In California, in 2024, California’s Health and Human Services Administration established a Data Exchange Framework. This establishes a first-ever statewide unified data-sharing agreement among all private and public stakeholders. Through common data-sharing agreements and standardized policies, every California health care provider organization has access to essential information for delivering services using state-defined data-sharing pathways.   Dr. Bodker states, “This platform has interoperability with other health plans and providers so it can interface with the EHR systems, the community, health information exchanges, laboratories, anything else we can get access to, so we’re working in that direction.”

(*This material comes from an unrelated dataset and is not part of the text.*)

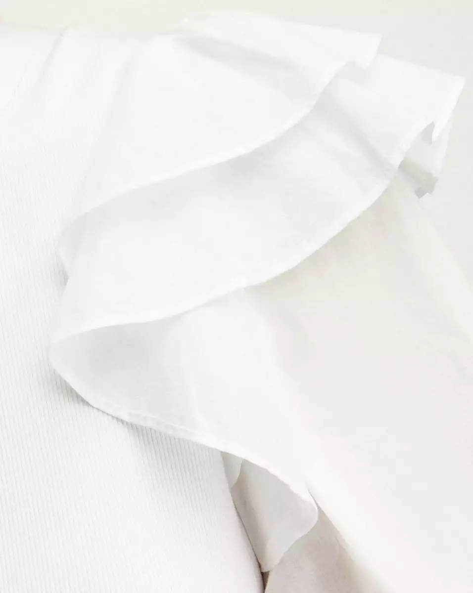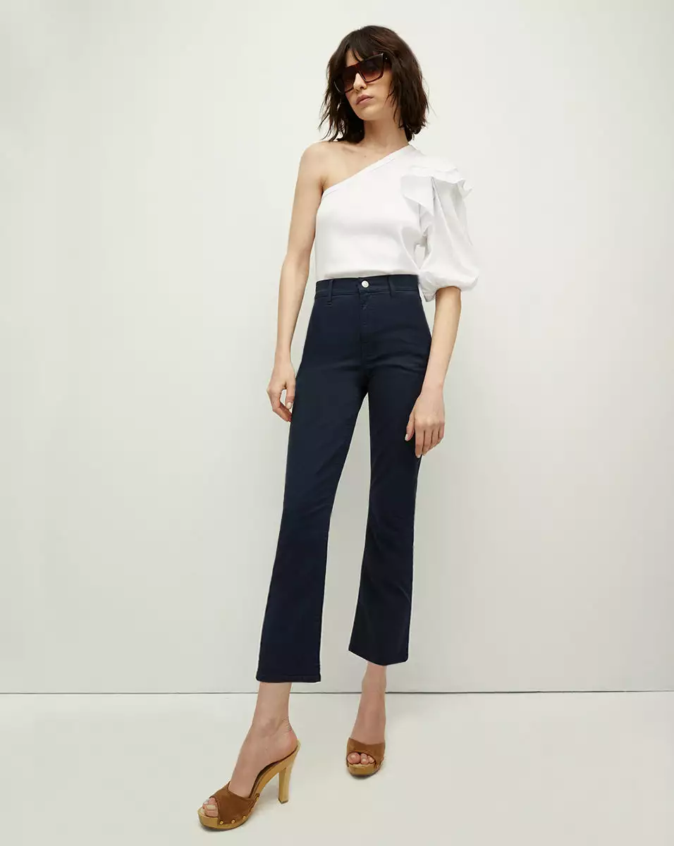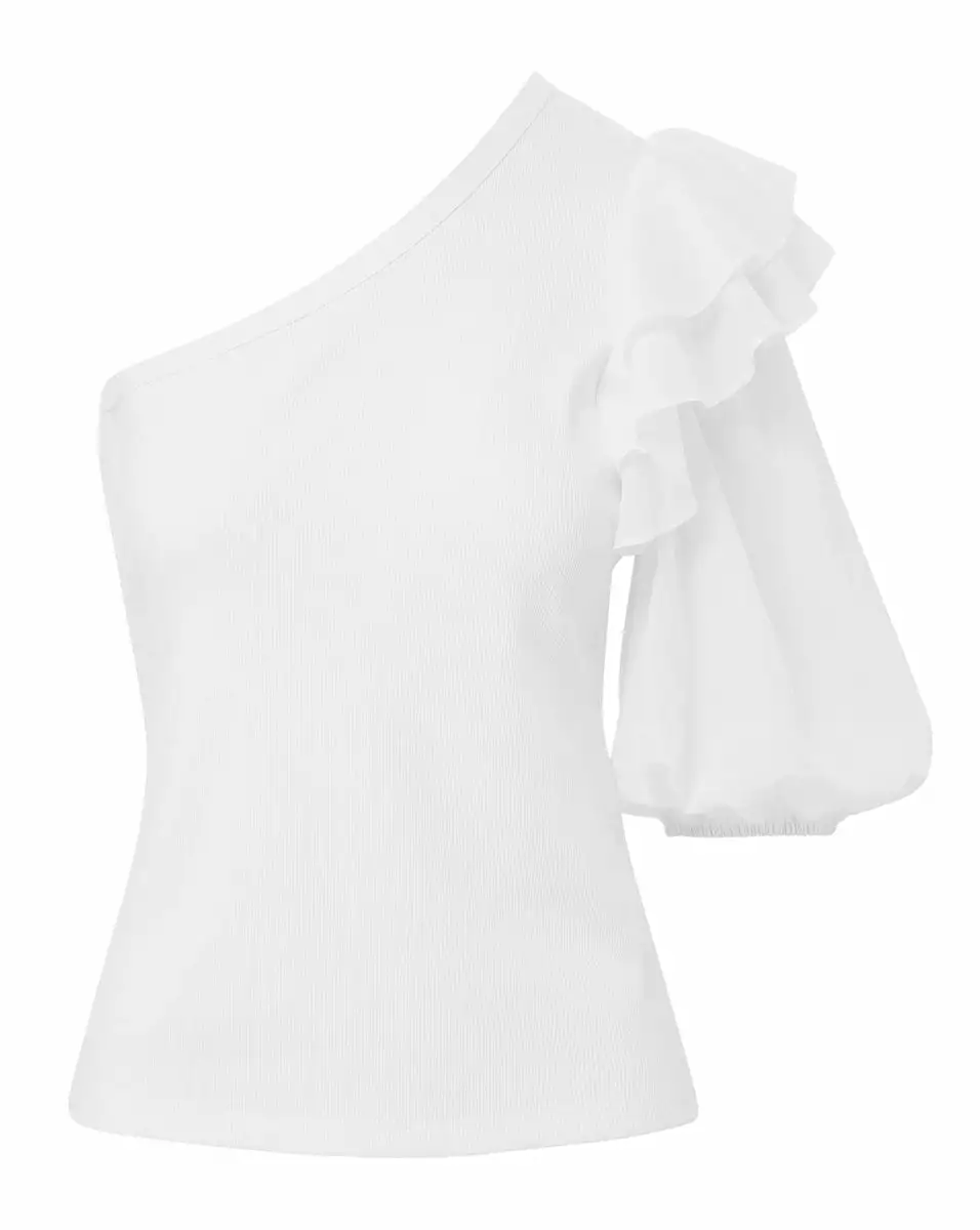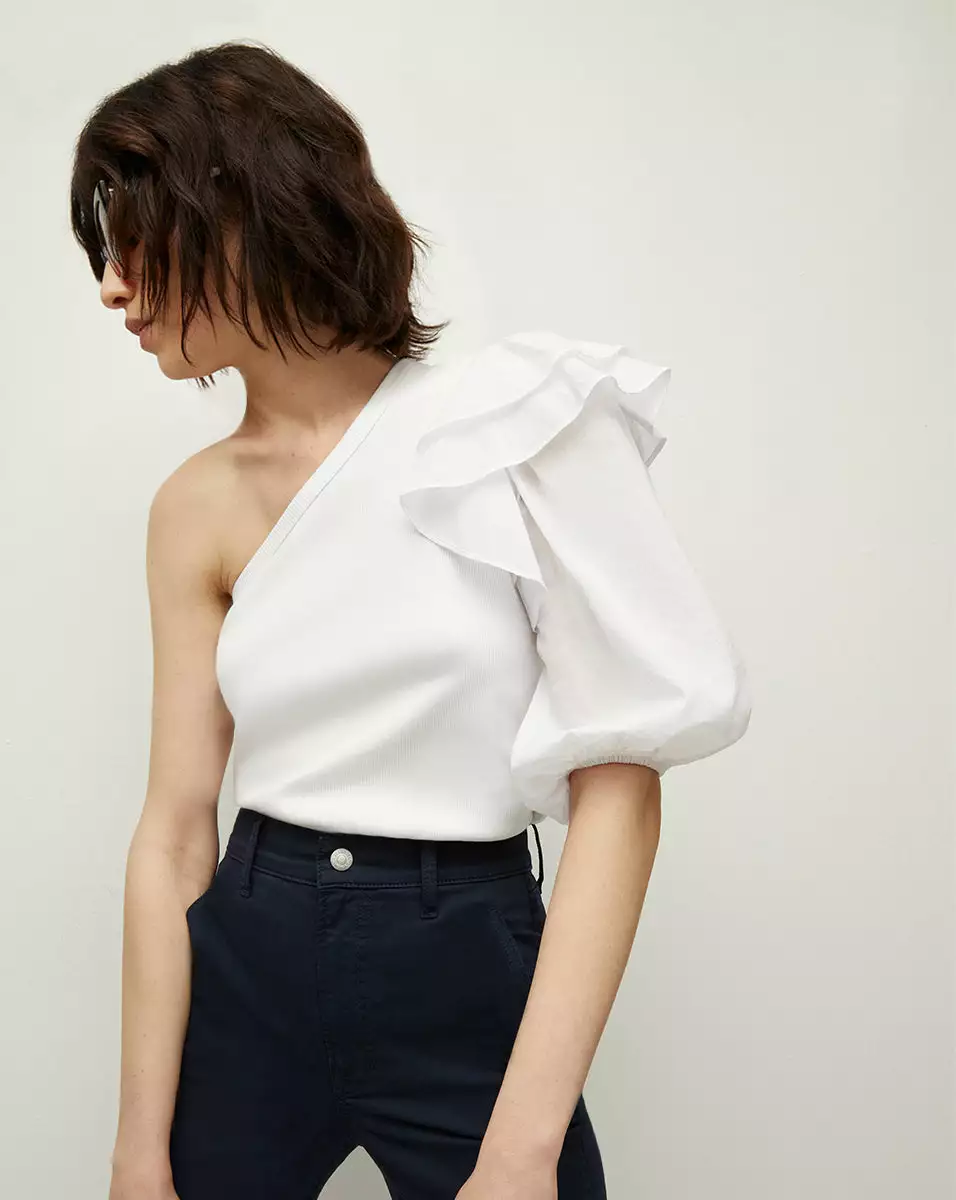 An effortless one-shoulder top that makes a statement while remaining comfortable—meet the Diantha. A double-ruffle accent at the shoulder adds to its feminine charm, while the cotton-stretch blend allows for everyday ease. Wear with your favorite jeans and wedges for a laidback yet polished look.

Competency In Data-Driven Decision making The collection of data for performance and quality analytics is one part of the equation for success in care coordination roles—but the ability to use that data to improve services delivery and consumer outcomes is the other.  For success with contracts with performance incentives and value-based reimbursement, real-time reporting of key metrics and the ability to interpret and act on those metrics is key. As Ms. Tindbaek says, “Investing in the right technology is crucial for service providers to effectively participate in the new data exchange framework and deliver quality care.”

These leaders made it clear that technology has been key to their success with the CalAIM initiatives, even as each has transformed in different ways and on different timelines. Dr. Fairhurst spoke to the significance of technology for improved care coordination, improved patient experience, improved quality, and reduced costs, reflecting, “It’s about the Triple Aim. And the Triple Aim is about balance. Can you help people get better? Can you reduce the costs? Can you help them be satisfied with the process?”